╭─ EXTRACTED RECORDS
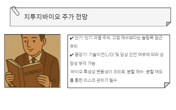 👉 바이오 특성상 변동성이 크므로, 분할 매수·분할 매도를 통한 리스크 관리가 필수입니다.
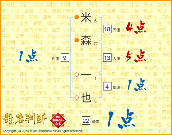 あなたの人生を表す1番重要な運勢です。生涯を通じて影響する総合運となり、主に50歳以降の晩年期に影響を及ぼします。苗字と名前の合計画数。
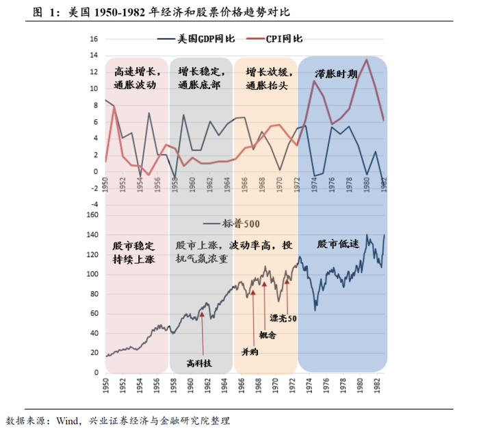 二战之后,美国经济迅速恢复,在以原子能和电子信息技术的发明与应用为先导的第三次科技革命带动下,五、六十年代经济高速发展。一直到1973年石油危机带来的滞胀,1950s股票市场稳步上涨,60年代虽然股票市场仍处于上涨趋势,但是波动开始加大,尤其在60年代后期,经济增速开始下滑,仍然维持3%附近的中枢,但核心通胀已开始上升,市场波动更大,投机氛围更加浓重。在漂亮50泡沫产生之前,股市在60年代依次经历过新兴产业、并购到概念类股票的泡沫阶段。
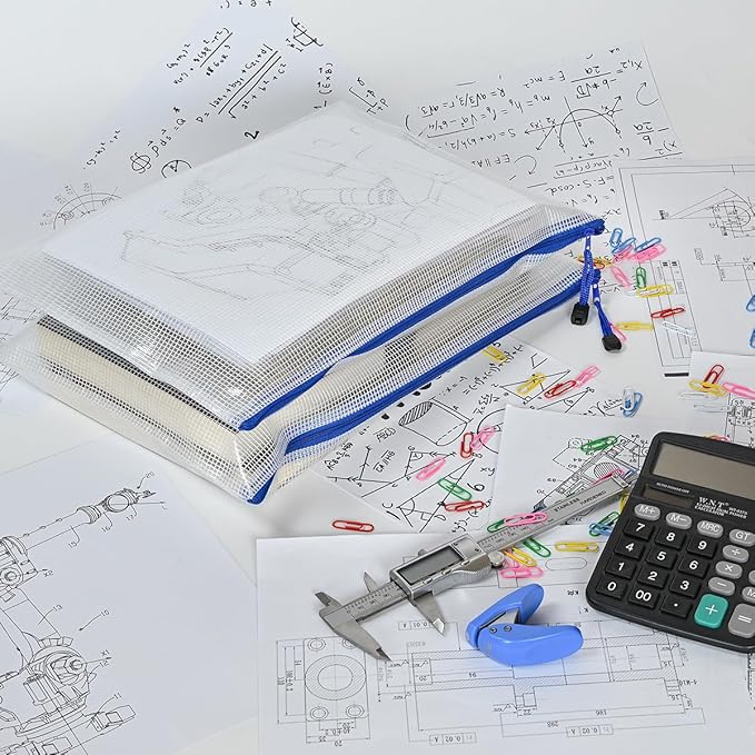 AUSTARK 20 Pcs Zipper File Bags, Plastic Mesh Pouch, Board Game Storage Bag, Waterproof Bags for Office School (B4 Size 15''x11'', White and Blue)
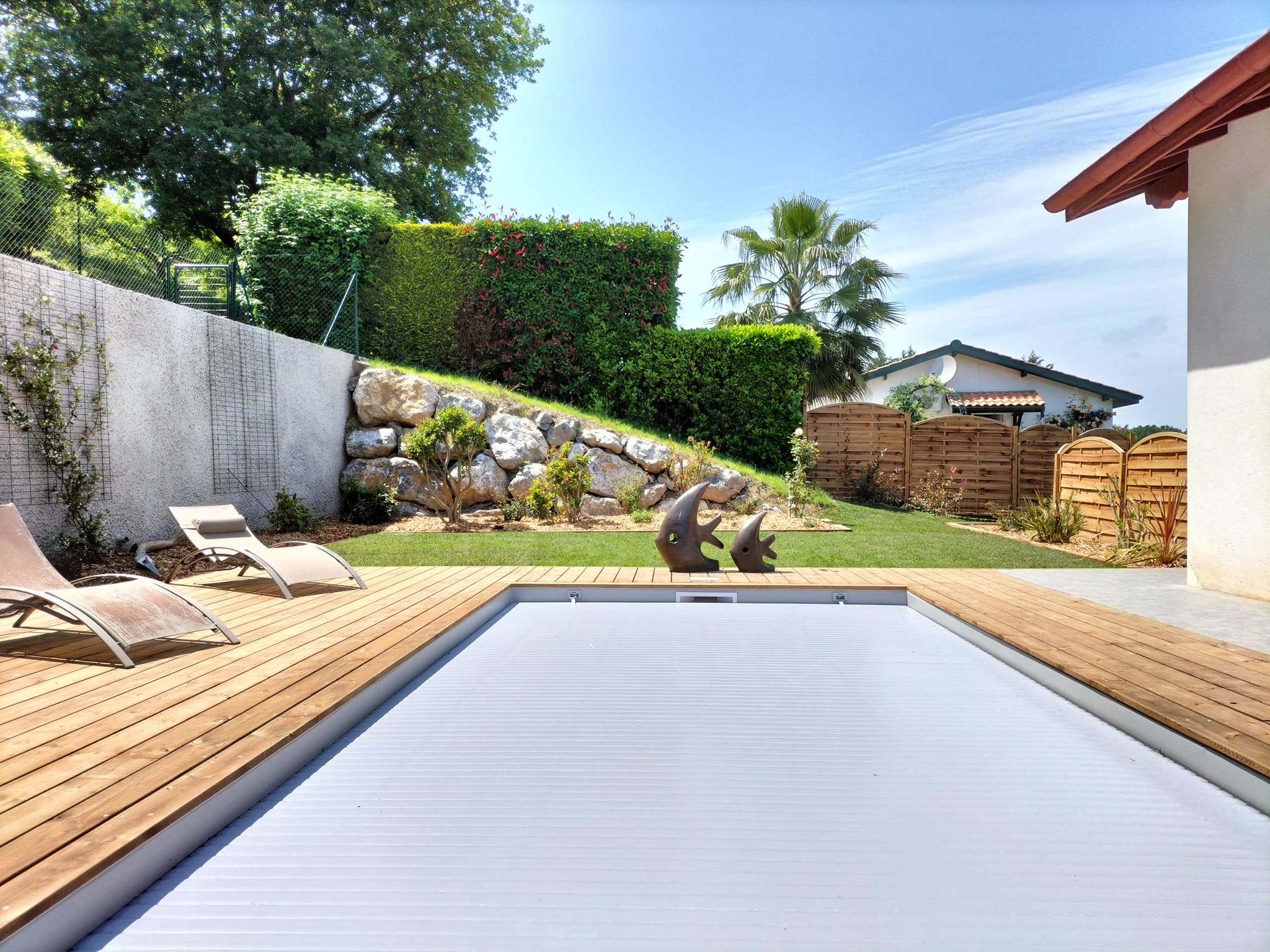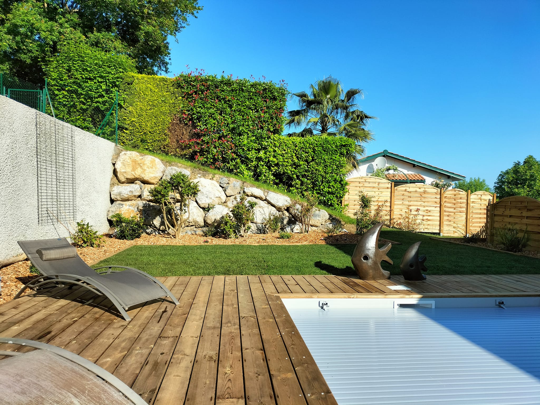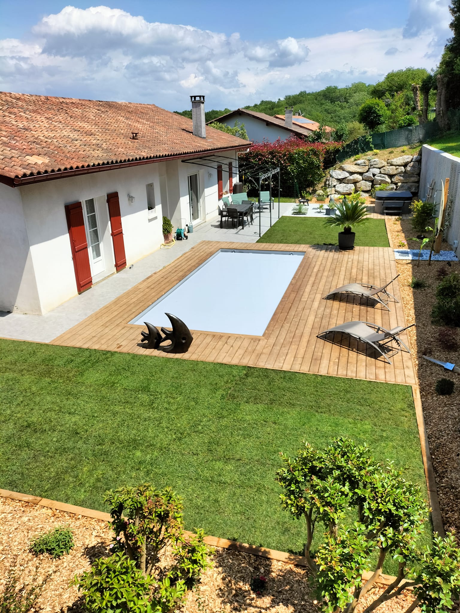 Nous avons participé à la réalisation de la piscine et l’aménagement paysager pour notre client. Des bordures en bois assorties à la terrasse ont été posées pour structurer les abords et renforcer l’harmonie de l’ensemble. Enfin, nous avons procédé à la mise en place d’un gazon en plaques, pour un rendu immédiat et une finition soignée.
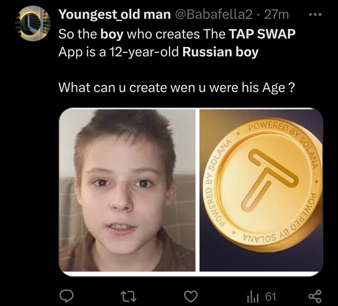 @AkinBamTips: “TapSwap was created by a 12-year-old Russian boy who did it for homework.”
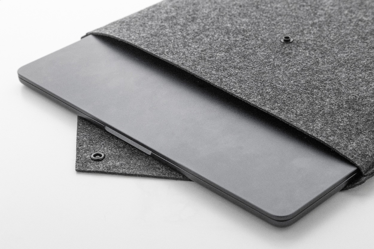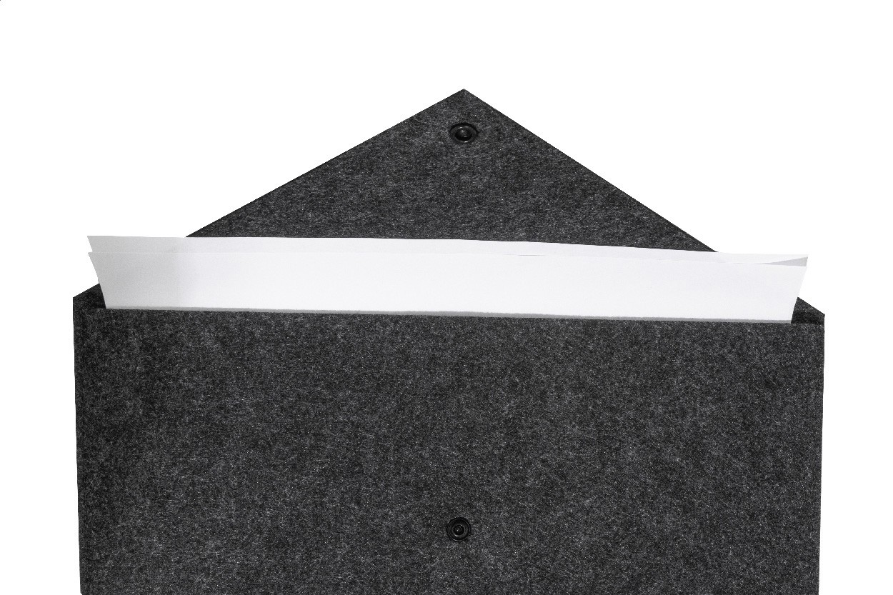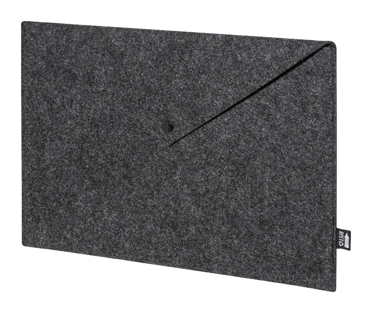 Geantă pentru documente sau laptop, din fetru RPET, cu închidere cu capsă. Potrivită pentru laptopuri de până la 13". Cu etichetă distinctivă din RPET.
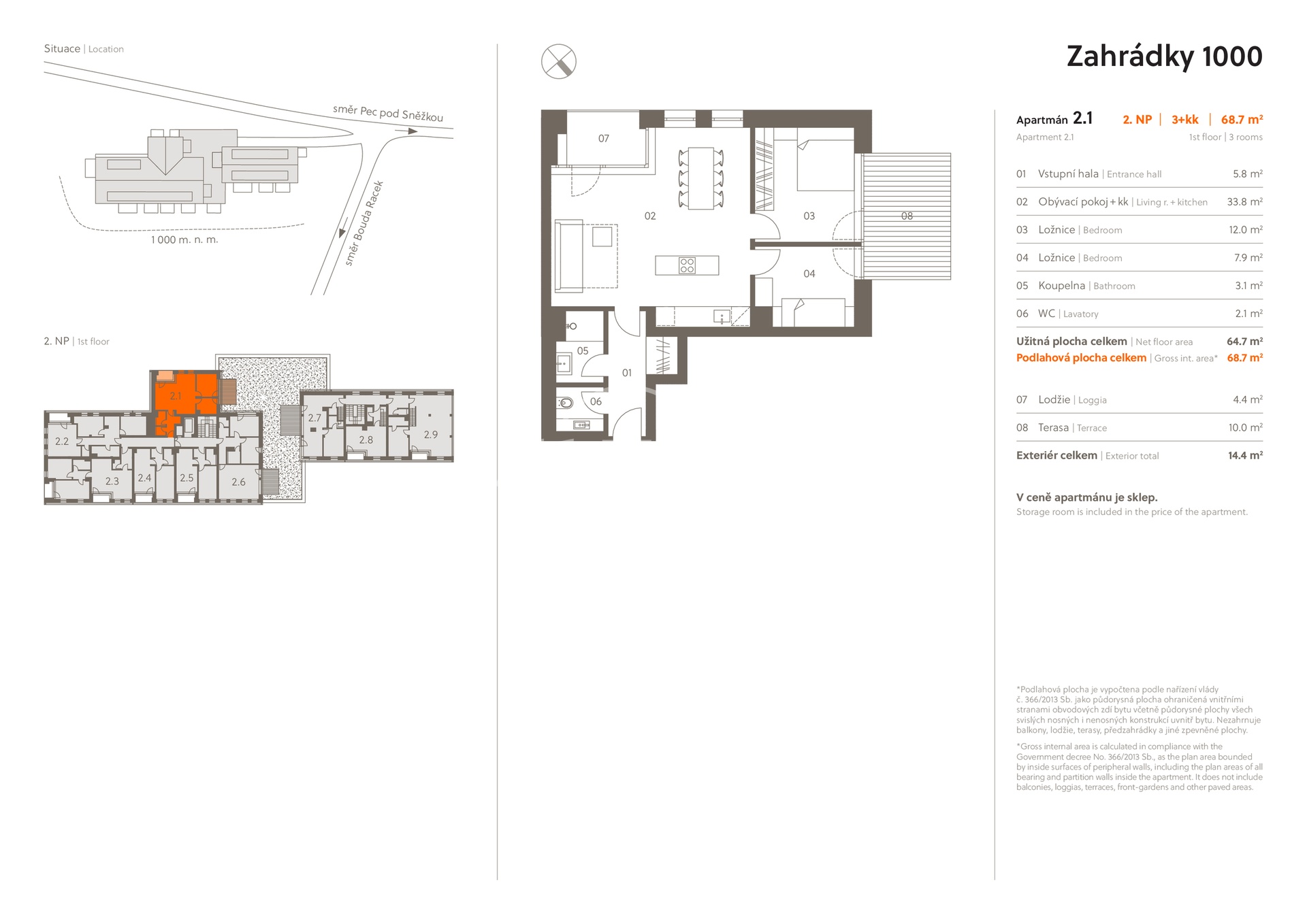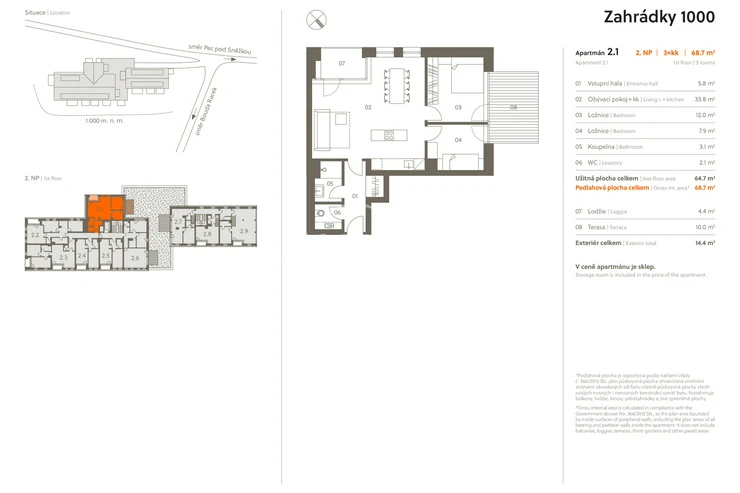 The offered apartment has a layout of 3+kt and a total area of 64.7 sqm with a loggia of 4.4 sqm and a terrace of 10 sqm. It offers two bedrooms with access to the eastern terrace and a living room with access to the southern loggia, as well as a bathroom and a separate toilet. The orientation of the windows is to the SE and NE with a view down the slope towards Pec. The apartment has a cellar.
╰─
» **ACTIVITY**
Although the records contain pictures, the copy should consist of their text alone, reproduced exactly.

» **FINISHED EXERCISE**
 👉 바이오 특성상 변동성이 크므로, 분할 매수·분할 매도를 통한 리스크 관리가 필수입니다.
 あなたの人生を表す1番重要な運勢です。生涯を通じて影響する総合運となり、主に50歳以降の晩年期に影響を及ぼします。苗字と名前の合計画数。
 二战之后,美国经济迅速恢复,在以原子能和电子信息技术的发明与应用为先导的第三次科技革命带动下,五、六十年代经济高速发展。一直到1973年石油危机带来的滞胀,1950s股票市场稳步上涨,60年代虽然股票市场仍处于上涨趋势,但是波动开始加大,尤其在60年代后期,经济增速开始下滑,仍然维持3%附近的中枢,但核心通胀已开始上升,市场波动更大,投机氛围更加浓重。在漂亮50泡沫产生之前,股市在60年代依次经历过新兴产业、并购到概念类股票的泡沫阶段。
 AUSTARK 20 Pcs Zipper File Bags, Plastic Mesh Pouch, Board Game Storage Bag, Waterproof Bags for Office School (B4 Size 15''x11'', White and Blue)
 Nous avons participé à la réalisation de la piscine et l’aménagement paysager pour notre client. Des bordures en bois assorties à la terrasse ont été posées pour structurer les abords et renforcer l’harmonie de l’ensemble. Enfin, nous avons procédé à la mise en place d’un gazon en plaques, pour un rendu immédiat et une finition soignée.
 @AkinBamTips: “TapSwap was created by a 12-year-old Russian boy who did it for homework.”
 Geantă pentru documente sau laptop, din fetru RPET, cu închidere cu capsă. Potrivită pentru laptopuri de până la 13". Cu etichetă distinctivă din RPET.
 The offered apartment has a layout of 3+kt and a total area of 64.7 sqm with a loggia of 4.4 sqm and a terrace of 10 sqm. It offers two bedrooms with access to the eastern terrace and a living room with access to the southern loggia, as well as a bathroom and a separate toilet. The orientation of the windows is to the SE and NE with a view down the slope towards Pec. The apartment has a cellar.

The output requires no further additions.